Enric Girona recently donated his prototype pet commode to the town of El Vendrell, Spain, hoping to spark worldwide interest. Conscientious owners would train their dogs on the station — a hole in the ground with a flush handle — which is connected to the sewer system, as is the drain grid next to it (for tinkling). The platform, which appears to occupy about 20 square feet of surface, is self- cleaning (although not too clean, said Girona, because dogs are more easily lured with a lingering scent). Spain is already one of the world’s toughest on lazy owners who fail to scoop up after their pets, with fines in El Vendrell as high as the equivalent of $1,000, and in Madrid and Barcelona, $2,000.
Took it too far
The New York customer service company United Health Programs of America provoked a federal lawsuit in June by the Equal Employment Opportunity Commission over its employee esprit-de-corps policy of requiring workers to pray to God on the job and to say “I love you” to their managers. According to the EEOC, the feel-good, work-harder campaign was suggested by an aunt of United’s owner and named for an obscure “truth and compassion” movement called “Onionhead.”
The Japanese snack company Calbee recently staged a promotion around popular singer Nana Mizuki, giving away 10 backstage passes to her Aug. 3 concert in Yokohama to the purchasers of 10 lucky bags of secretly marked potato chips. Her perhaps-hugest fan, Kazuki Fukumoto, 25, was so determined to win one that by the time he was arrested for littering in May, he had bought and dumped 89 cartons of potato chip packages, weighing over 400 pounds, that were found at six locations around the cities of Kobe and Akashi. Police estimate he had spent the equivalent of about $3,000.
Can’t possibly be true
Until the New York governor and Legislature addressed the problem recently, it was legal in the state for narcissistic animal owners to force their dogs and cats to endure permanent, decorative tattoos and piercings. At press time, Gov. Andrew Cuomo was poised to sign legislation abolishing the tattooing.
Municipal engineers in the town of Melton Mowbray, England, were called out in June to fix a lingering sewer overrun caused by, they discovered, “hundreds” of tennis balls that had apparently each been flushed down toilets. Said the project manager, “We expect [blockages from] fats and baby wipes, but. … ”
Unclear on the concept
A 60-year-old man with a blood clot has recovered, but no thanks to the driver for the South Western Ambulance Service who was ferrying him on a long trip to the emergency room of Derriford Hospital in Plymouth, England, on April 6. The patient’s family later reported that the driver had stopped en route to pick up two hitchhikers — one a young woman in a “skimpy skirt” — and take them to an on-the-way town.
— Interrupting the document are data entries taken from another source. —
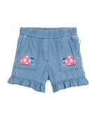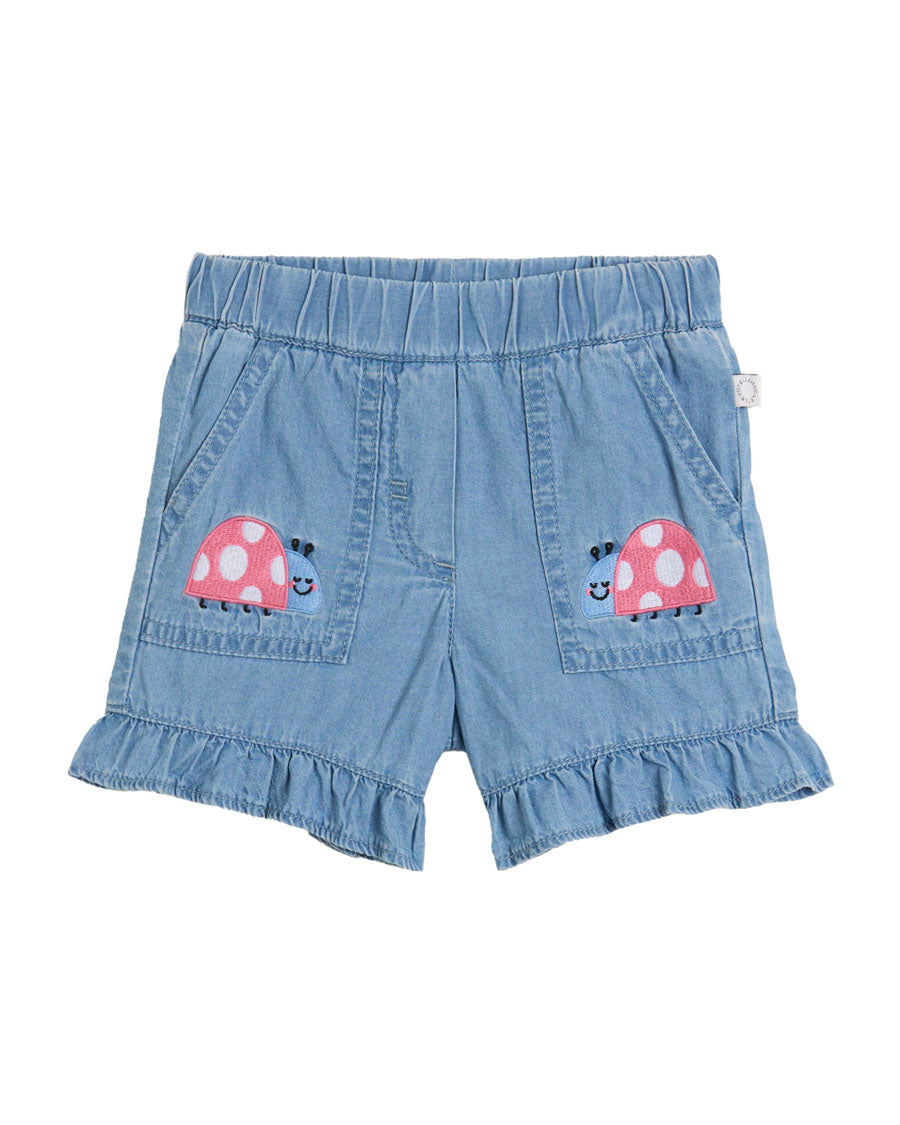 Chambray Shorts w/ Ladybug Embroidery - Blue
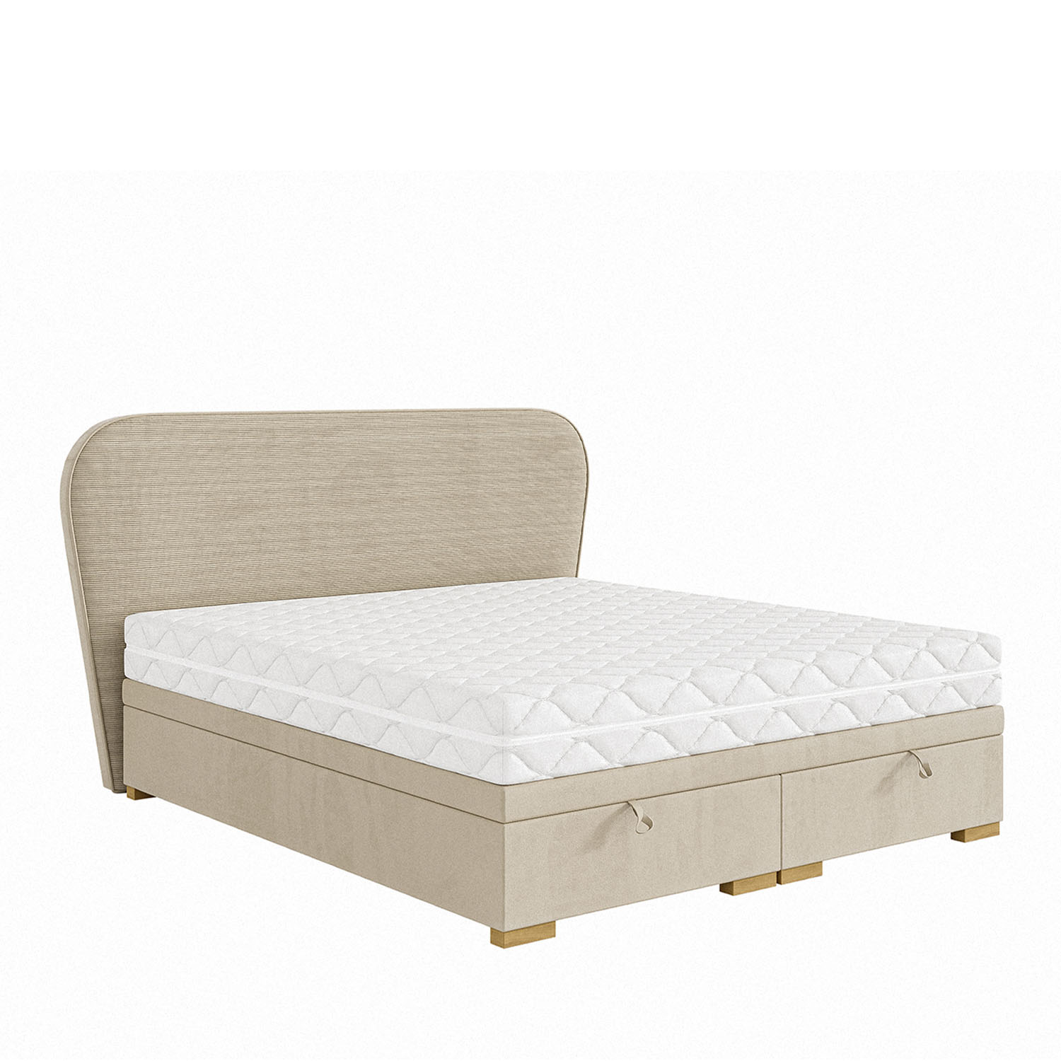 Patul tapițat Bodema impresionează prin tăblia înaltă, rotunjită și matlasată, care oferă un plus de confort și susținere. Tapițeria din material textil, plăcută la atingere, contribuie la crearea unei atmosfere calde și primitoare în dormitor.
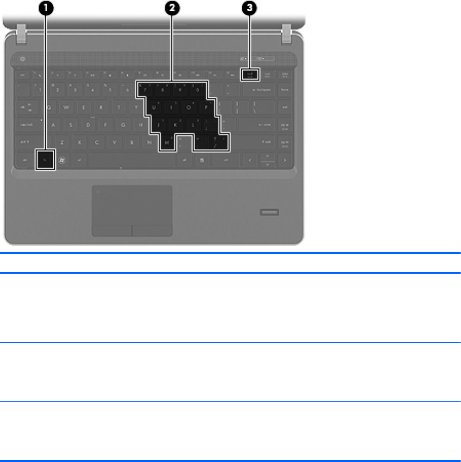 (1) Touche fn Permet d'activer et de désactiver le pavé numérique interne
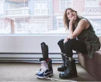 接下来的一年中,她不断研究假肢的设计,甚至亲自动手,用螺栓、橡胶、木头和亮粉色胶带,做出了舒适且能变换指甲油颜色的假肢。
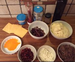 Die Hälfte vom Mozzarella verteilen, Hälfte vom Speck und den Zwiebeln dazu. - Hackfleisch gleichmäßig verteilen.
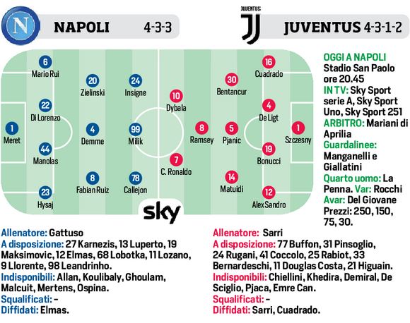 Ieri pomeriggio Gattuso ha ricevuto una notizia buona e una cattiva. La positiva è il recupero di Maksimovic per la lista convocati, anche se partirà dalla panchina, quella negativa è la gastroenterite di Ospina. Il portiere colombiano, secondo il Corriere dello Sport, molto probabilmente non sarà neanche in panchina, al suo posto tornerà tra i pali Meret. Il resto dell’undici degli azzurri c’è un solo dubbio a centrocampo, chi tra Lobotka e Fabian Ruiz nel terzetto della mediana, con lo spagnolo avanti rispetto allo slovacco. La Juventus invece non rischierà il tridente pesante, probabile Dybala e non Higuain assieme a Cristiano Ronaldo, con alle spalle Ramsey. A centrocampo ballottaggio Matuidi–Rabiot con il primo in leggero vantaggio.
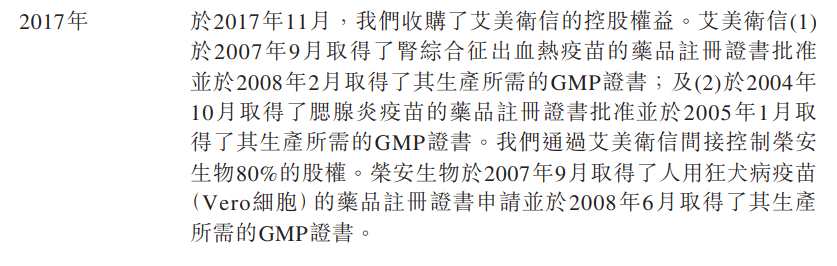 根據(jù)招股書的信息,艾美疫苗的前身沈陽沃頓生物成立于2011年在2015年便收購了艾美誠信,它的主要產(chǎn)品便是乙肝疫苗。到了2017年,艾美疫苗通過收購艾美衛(wèi)信,間接控制了榮安生物,而這家公司的主要產(chǎn)品正是前文中提到的Vero細胞人用狂犬病疫苗,也難怪市值風云在分析時會說“艾美疫苗的核心經(jīng)營模式就是不斷收購”了。
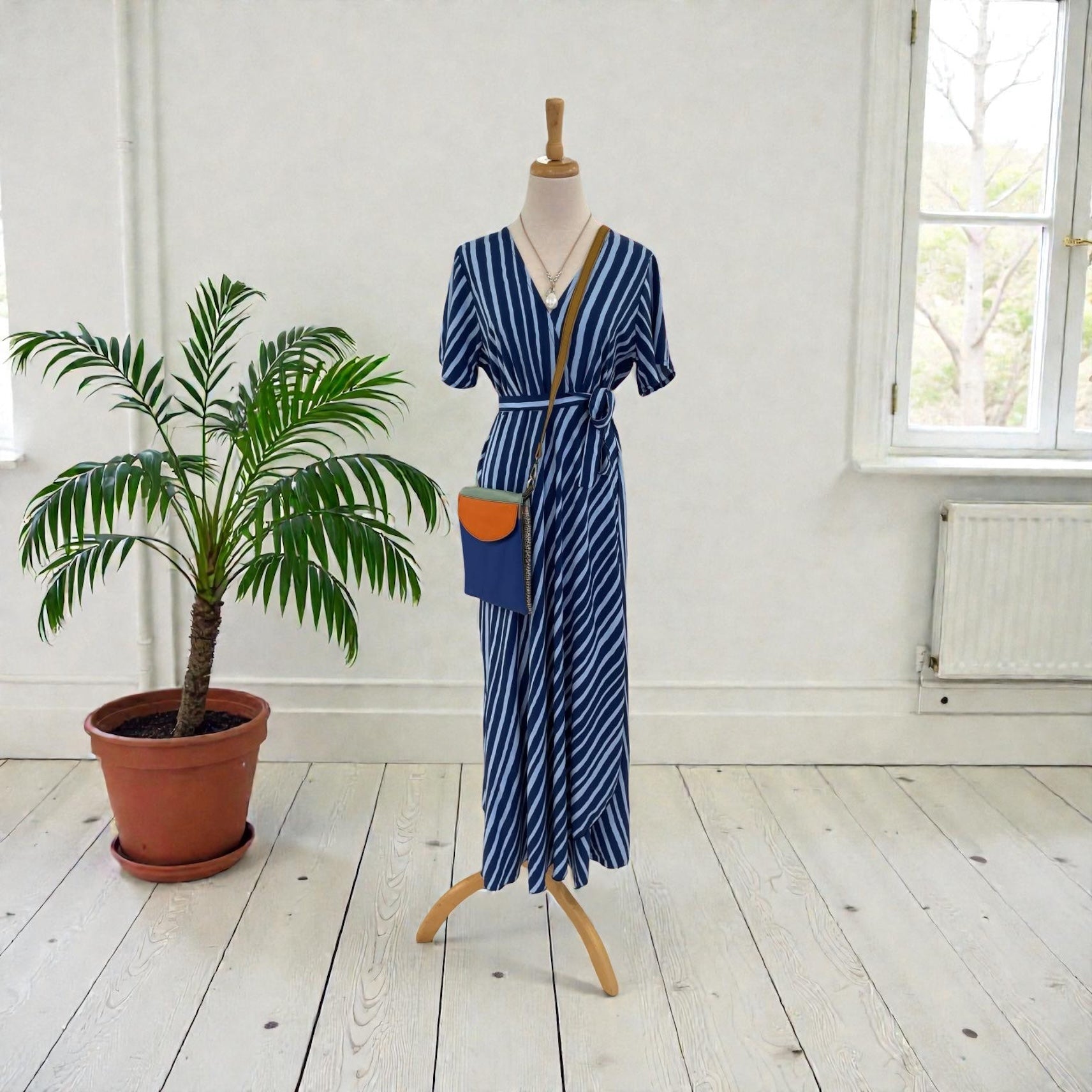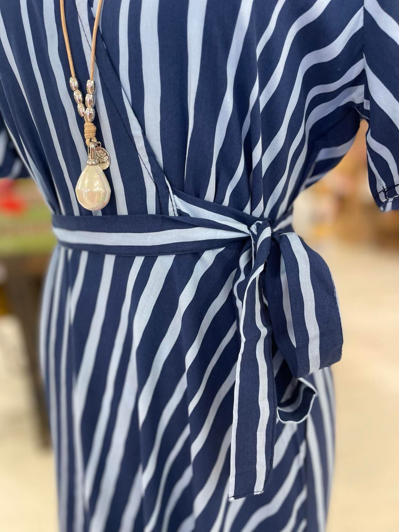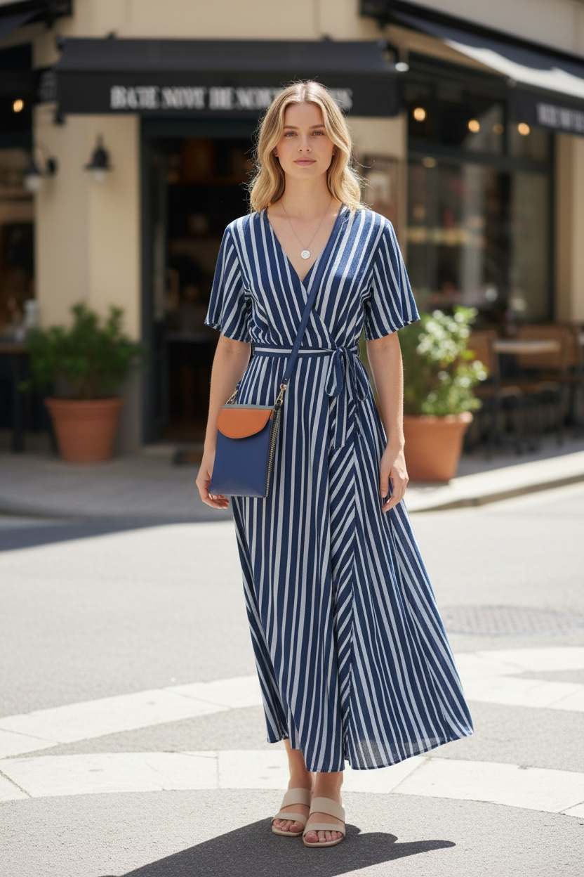 This 100% rayon wrap dress features a classic navy base with soft blue stripe detailing. Designed with a flattering V-neckline, short sleeves and an adjustable tie waist, it offers a comfortable, easy fit with a fluid drape. Lightweight and breathable, it’s an effortless option for everyday wear or casual occasions.
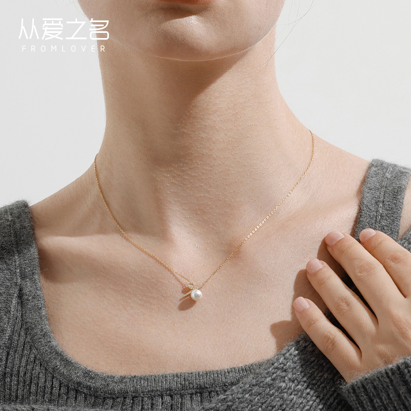 旭平月白樱落项链女人鱼姬眼泪仿珍珠流苏气质创意礼盒法式 锁骨链
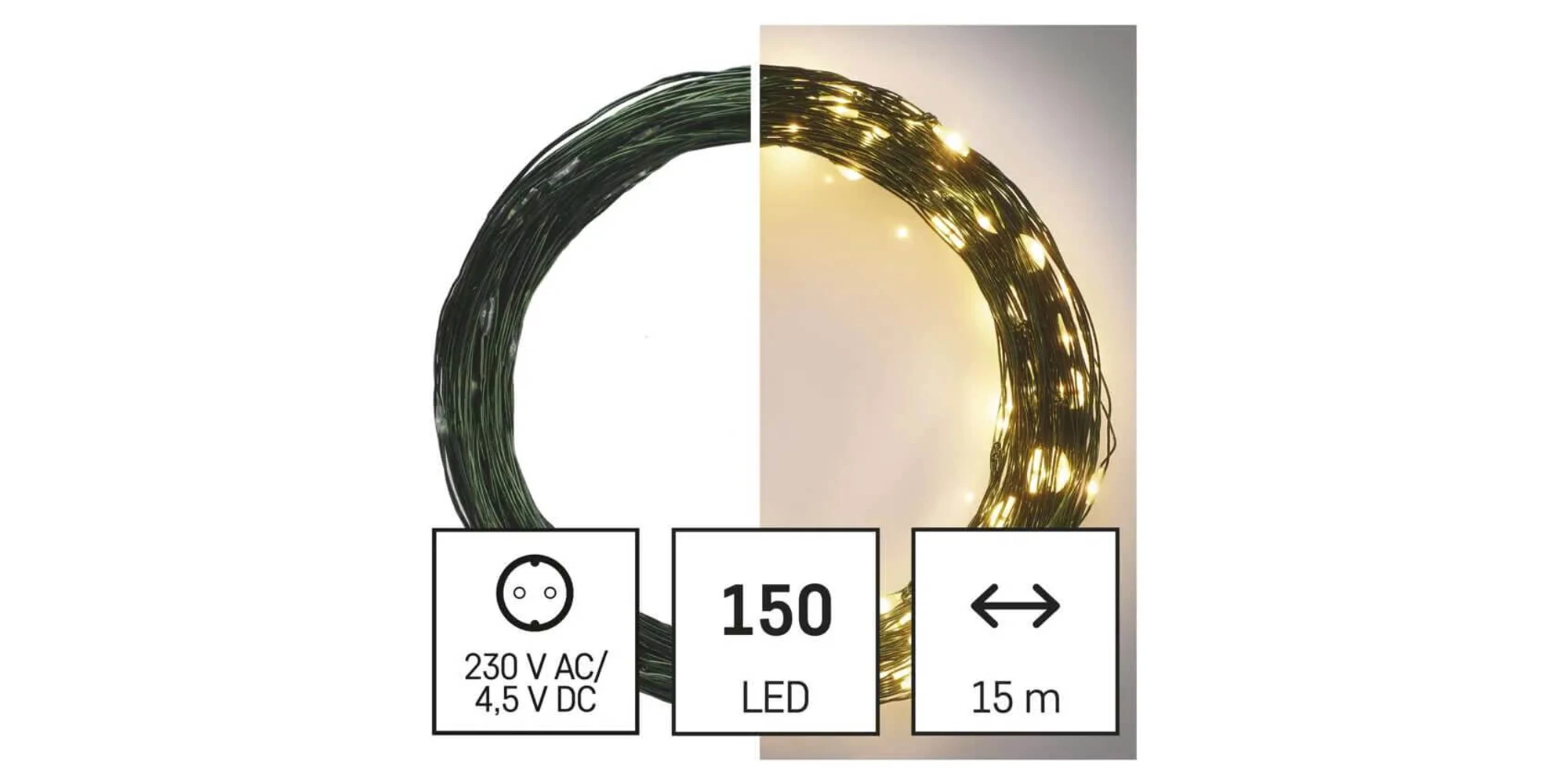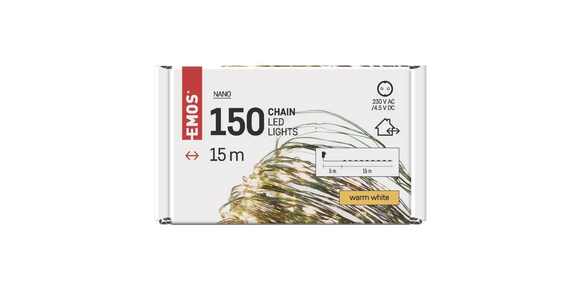 Ghirlanda luminoasa de Craciun cu 150 LED-uri nano, alb cald, 15 m, exterior si interior, timer, D3AW05, EMOS | 62930203 | 43,40 Lei | Decoratiuni de Craciun | Confort prin instalații de calitate | Melinda InstalSpecificații tehnice
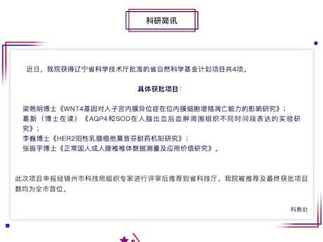近日,我院獲得遼寧省科學技術廳批準的省自然科學基金計劃項目共4項。

The patient, in pain with his toes starting to blacken, eventually had his blood flow restored and did not lose the leg. He reported that the two riders were friendly and wanted to chat about his condition (though he was in no mood).
The American Red Cross boasts of being “transparent and accountable” for the way it spends donations from compassionate people moved to help those in need. However, when the public policy watchdog ProPublica asked for some details on how the Red Cross used funds donated for 2012 Hurricane Sandy victims in New York, the organization begged off, claiming that details beyond broad generalities were “trade secrets” that it was entitled to protect, lest its “competitors” copy or exploit the techniques it uses to help people. (The Red Cross did release more detailed accounts to the attorney general of New York, but under an agreement of confidentiality.)